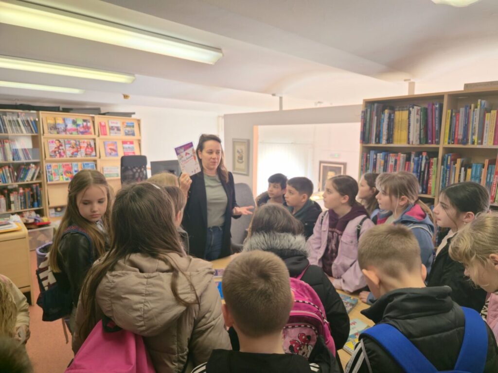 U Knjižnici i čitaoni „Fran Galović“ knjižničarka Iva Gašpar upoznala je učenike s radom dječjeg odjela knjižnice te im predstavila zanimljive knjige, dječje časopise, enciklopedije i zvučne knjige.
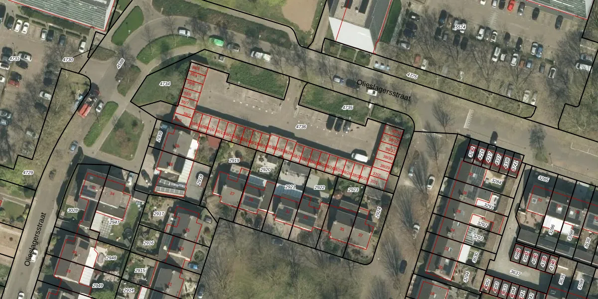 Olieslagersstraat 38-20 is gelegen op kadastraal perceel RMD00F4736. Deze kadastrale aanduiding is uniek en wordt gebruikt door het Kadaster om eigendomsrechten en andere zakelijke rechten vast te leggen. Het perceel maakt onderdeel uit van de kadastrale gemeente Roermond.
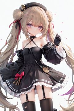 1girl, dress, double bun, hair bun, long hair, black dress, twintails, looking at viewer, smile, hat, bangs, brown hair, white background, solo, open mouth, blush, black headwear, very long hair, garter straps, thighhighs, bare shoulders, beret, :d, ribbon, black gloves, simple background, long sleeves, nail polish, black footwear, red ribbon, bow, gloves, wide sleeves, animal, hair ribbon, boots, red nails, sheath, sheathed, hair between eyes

**********

- **Problem statement**
Take the lines of the material above from the first through the one containing "Olieslagersstraat 38-20 is", both included, and print them exactly without the pictures.

- **Solution**
 U Knjižnici i čitaoni „Fran Galović“ knjižničarka Iva Gašpar upoznala je učenike s radom dječjeg odjela knjižnice te im predstavila zanimljive knjige, dječje časopise, enciklopedije i zvučne knjige.
 Olieslagersstraat 38-20 is gelegen op kadastraal perceel RMD00F4736. Deze kadastrale aanduiding is uniek en wordt gebruikt door het Kadaster om eigendomsrechten en andere zakelijke rechten vast te leggen. Het perceel maakt onderdeel uit van de kadastrale gemeente Roermond.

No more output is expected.